> **WHAT YOU ARE ASKED TO DO**
Print, exactly as they appear in the listing below, the lines from the line with "blue curtains, gold columns and frames" to the line with "Os gatinhos de", with both end lines kept.
┌─ DATA PROVIDED
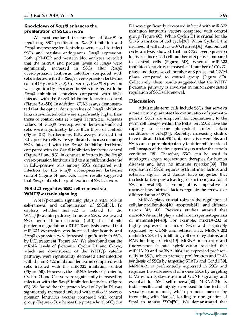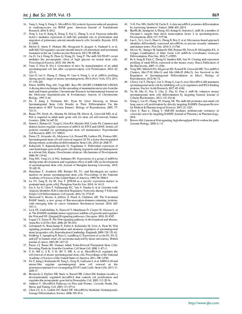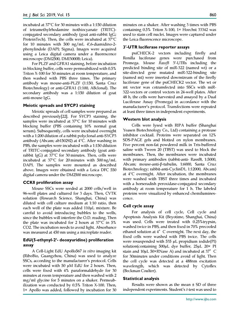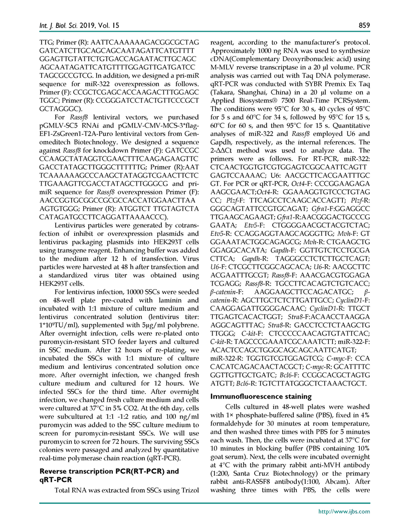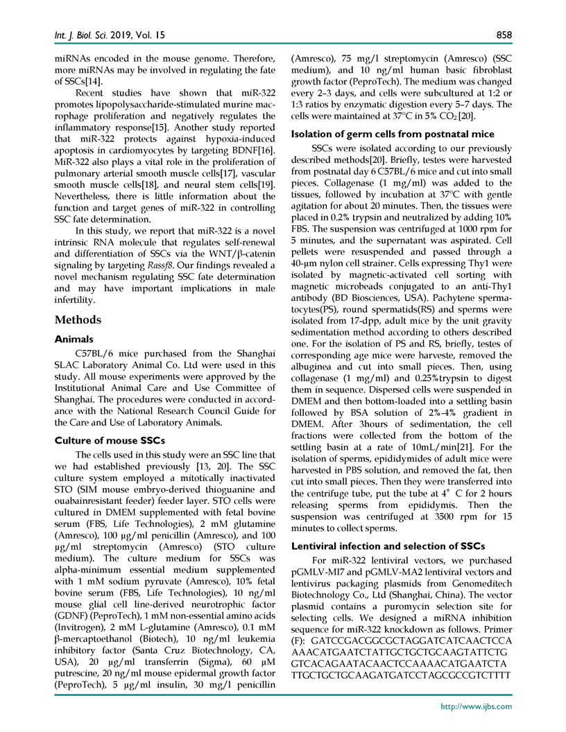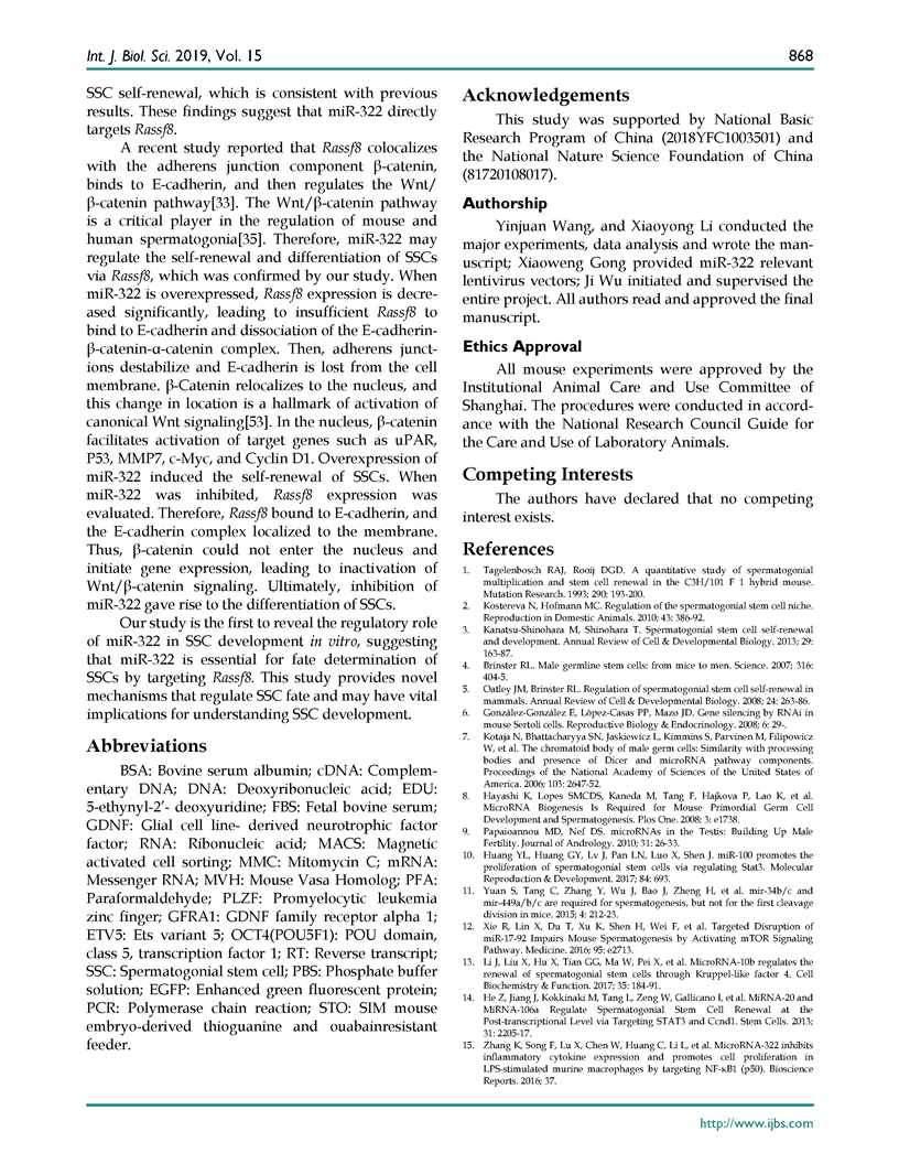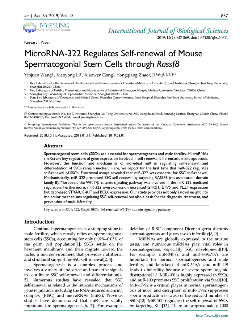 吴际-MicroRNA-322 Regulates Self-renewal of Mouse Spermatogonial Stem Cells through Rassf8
└─
┌─ DATA PROVIDED
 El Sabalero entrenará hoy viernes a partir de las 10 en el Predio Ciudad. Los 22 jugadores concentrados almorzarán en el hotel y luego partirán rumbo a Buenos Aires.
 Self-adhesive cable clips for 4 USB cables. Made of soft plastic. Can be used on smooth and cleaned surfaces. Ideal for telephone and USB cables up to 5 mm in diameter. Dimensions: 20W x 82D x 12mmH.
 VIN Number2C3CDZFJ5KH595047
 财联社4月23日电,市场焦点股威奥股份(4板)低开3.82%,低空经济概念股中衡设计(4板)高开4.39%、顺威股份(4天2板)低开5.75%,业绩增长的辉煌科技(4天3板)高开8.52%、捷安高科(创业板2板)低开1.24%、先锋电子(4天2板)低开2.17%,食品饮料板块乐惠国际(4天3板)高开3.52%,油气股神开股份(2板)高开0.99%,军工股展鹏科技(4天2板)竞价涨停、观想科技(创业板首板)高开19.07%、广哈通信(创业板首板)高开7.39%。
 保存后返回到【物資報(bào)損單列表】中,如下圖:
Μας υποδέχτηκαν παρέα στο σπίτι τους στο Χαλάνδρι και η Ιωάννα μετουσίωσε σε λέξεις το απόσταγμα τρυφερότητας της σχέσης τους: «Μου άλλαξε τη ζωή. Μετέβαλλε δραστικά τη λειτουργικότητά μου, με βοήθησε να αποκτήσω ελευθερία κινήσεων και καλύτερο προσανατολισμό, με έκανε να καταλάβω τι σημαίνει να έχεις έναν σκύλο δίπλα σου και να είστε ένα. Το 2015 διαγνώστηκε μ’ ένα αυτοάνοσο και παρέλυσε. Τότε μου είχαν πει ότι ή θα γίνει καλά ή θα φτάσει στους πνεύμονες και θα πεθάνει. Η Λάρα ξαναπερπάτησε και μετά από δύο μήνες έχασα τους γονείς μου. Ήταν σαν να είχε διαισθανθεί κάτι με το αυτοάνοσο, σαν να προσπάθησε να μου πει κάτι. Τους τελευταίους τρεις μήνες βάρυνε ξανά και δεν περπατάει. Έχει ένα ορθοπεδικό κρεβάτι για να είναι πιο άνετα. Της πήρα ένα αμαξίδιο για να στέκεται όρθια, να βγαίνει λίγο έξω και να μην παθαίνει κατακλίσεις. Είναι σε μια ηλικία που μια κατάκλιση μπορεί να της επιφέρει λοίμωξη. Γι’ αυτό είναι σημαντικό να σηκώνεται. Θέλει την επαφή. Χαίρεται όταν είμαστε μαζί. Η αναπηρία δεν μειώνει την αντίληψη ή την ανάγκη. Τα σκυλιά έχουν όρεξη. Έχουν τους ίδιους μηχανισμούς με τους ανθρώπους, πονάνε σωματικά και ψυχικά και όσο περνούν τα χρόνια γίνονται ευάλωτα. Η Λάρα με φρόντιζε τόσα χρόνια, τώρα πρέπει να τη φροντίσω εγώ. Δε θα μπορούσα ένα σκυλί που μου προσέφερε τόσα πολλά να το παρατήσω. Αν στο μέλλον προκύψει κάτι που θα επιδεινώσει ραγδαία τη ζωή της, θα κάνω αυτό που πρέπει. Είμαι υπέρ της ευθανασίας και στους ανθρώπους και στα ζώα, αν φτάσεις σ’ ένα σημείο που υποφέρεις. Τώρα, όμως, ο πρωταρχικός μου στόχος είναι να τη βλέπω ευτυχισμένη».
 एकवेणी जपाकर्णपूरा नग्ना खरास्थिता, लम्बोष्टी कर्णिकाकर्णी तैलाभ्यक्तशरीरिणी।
└─
┌─ DATA PROVIDED
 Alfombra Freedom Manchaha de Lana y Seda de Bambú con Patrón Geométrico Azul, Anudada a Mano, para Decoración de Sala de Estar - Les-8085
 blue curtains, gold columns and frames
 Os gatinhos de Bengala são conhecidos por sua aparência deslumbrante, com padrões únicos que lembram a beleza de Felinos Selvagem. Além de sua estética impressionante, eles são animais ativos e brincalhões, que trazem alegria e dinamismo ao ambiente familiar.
└─
> **ANSWER TO THIS TASK**
 blue curtains, gold columns and frames
 Os gatinhos de Bengala são conhecidos por sua aparência deslumbrante, com padrões únicos que lembram a beleza de Felinos Selvagem. Além de sua estética impressionante, eles são animais ativos e brincalhões, que trazem alegria e dinamismo ao ambiente familiar.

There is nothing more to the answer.